Flint shrugged. He believed in the tactic of letting people talk themselves out. The more they talked, the less he had to.

“And you don’t know what she is?” Ledger pushed up on his desk. His shoulders were as wide as Flint’s. They stood at the same height, only the chief had a lot more gray on his head.

“Human, maybe? She’s not a shifter. Not a wolf.” Flint put his hands in the pockets of his turndown pants and tugged the suspenders tight.

“Human?” The chief put the end of his pen in his mouth and chewed. “I don’t think so.”

“Does it matter? The place checks out.”

“Yeah, it matters. This is our town, Flint. Strangers coming in and buying our school . . . It’s wrong.”

“Chief, the school was for sale for six years. The town council listed the school on the market before the paint on the new one had dried. I heard the corporation that bought it was the first company that had any interest in it at all. And if they hadn’t bought it when they did, the town was going to have to pay to demolish it soon. No way that roof is going to last another winter. Hell, Maddox put his foot through it getting a ball back when we were in seventh grade. Be glad someone is putting it to good use.”

He wanted to tell the chief about little Emma getting the Excalibur-like window open, but that would mean he might go looking for it and the invisibility spell had it covered. So, best to keep his mouth shut.

“It’s not all bad. It got you to string more than three words together.” The chief sunk into his chair. “Not bad at all.”

Flint shook his head and left the chief’s office. He hung up his gear in his cubby. The scent of apples clung to his skin, and he pivoted to take off to the shower. He didn’t need the female, and smelling like her wasn’t going to help get her off his mind. Not in the least bit. He showered and dressed in his blue work uniform with a little under an hour to go before he was off for four days. He’d have to hold the power in. They had gotten into such a tiff that he’d stormed off with her power still deep in his bones.

“There he is, right when we’re about ready to finish for the night,” Beckham said with a laugh. “So glad you could join us.”

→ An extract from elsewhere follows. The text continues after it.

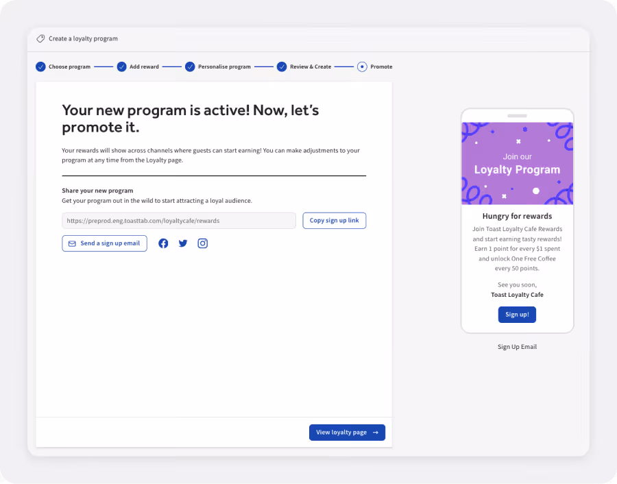 Because it's integrated directly into Toast's ecosystem, the experience is streamlined, but also relatively fixed. Brands looking for more control over loyalty design, deeper analytics, or features like gamification may eventually need something more customizable.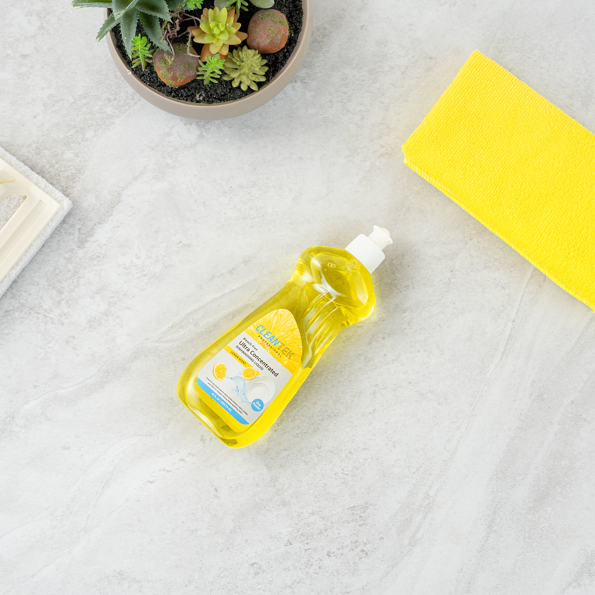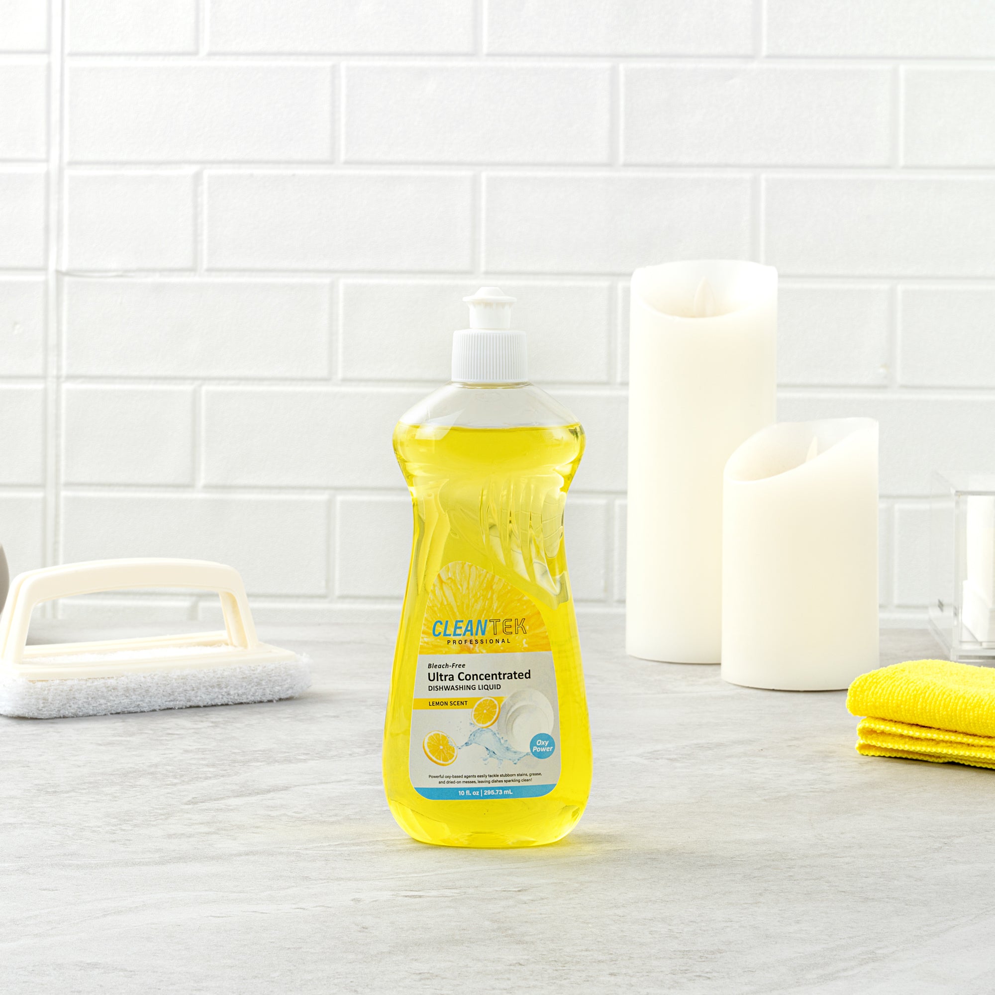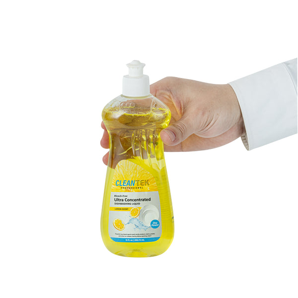 Ensure spotless dishes with every wash. Clean Tek Ultra-Concentrated Dish Soap harnesses a powerful formula that minimizes dish soap usage while maximizing cleaning efficiency, resulting in significant cost savings for foodservice operations. The OXY Power Technology embedded in the liquid dishwashing detergent efficiently breaks down stubborn grease and stains, ensuring that your kitchenware gleams after each use. Infused with a refreshing lemon scent, this lemon scented dish soap leaves dishes with a pleasant aroma, enhancing the overall dining experience for your patrons. Packaged in compact 10-fluid-ounce bottles, each soap measures 2.8 inches in length, 1.6 inches in width, and 7.7 inches in height, making it ideal for easy storage. With quick rinsing capabilities, this cleaning solution accelerates dishwashing processes in bustling kitchens, allowing for smooth and uninterrupted service. Each order includes 1 Clean Tek Ultra-Concentrated Dish Soap.

Flint raised one eyebrow at his cousin. It wasn’t his cousin who had done the majority of the cleaning around the firehouse this morning, because Beck hadn’t gotten out of bed. It took Chief Ledger smacking the side of Beck’s bunk for him to join them. Granted, Beck had taken point at a three-alarm fire over in Spring Ridge the night before. It had taken four tankers to put out the old barn fire. Luckily, no one got hurt, and while it had raged, it didn’t set the farmhouse alight. If Beck was human, he would have gone to the hospital for sure with smoke inhalation. The male was due a few extra minutes of sleep.

Flint grabbed a polishing chamois and attacked the engine. The place was spotless when the replacements for Beckham, Maddox, and Flint arrived. They changed into jeans and Hundsburg firehouse T’s and headed down the street to the Easy Rabbit.

Beckham was Flint’s cousin from his mother, and Maddox was Beckham’s cousin from their dads. But Flint and Maddox still referred to each other as cousins. They’d done everything together. Everyone had expected Flint to follow in his older brother’s footsteps and go to grad school, become a doctor like his brother. Everyone else might have expected it, but Flint never did. He liked his life at the firehouse and his cabin away from pack lands. It was close enough to keep him grounded and tethered to his cousin Spencer as alpha but far enough away that he didn’t have to deal with all the crap that had been clawing its way out of his family tree.

“I’m buying the first round.” Maddox slapped a twenty down on the counter.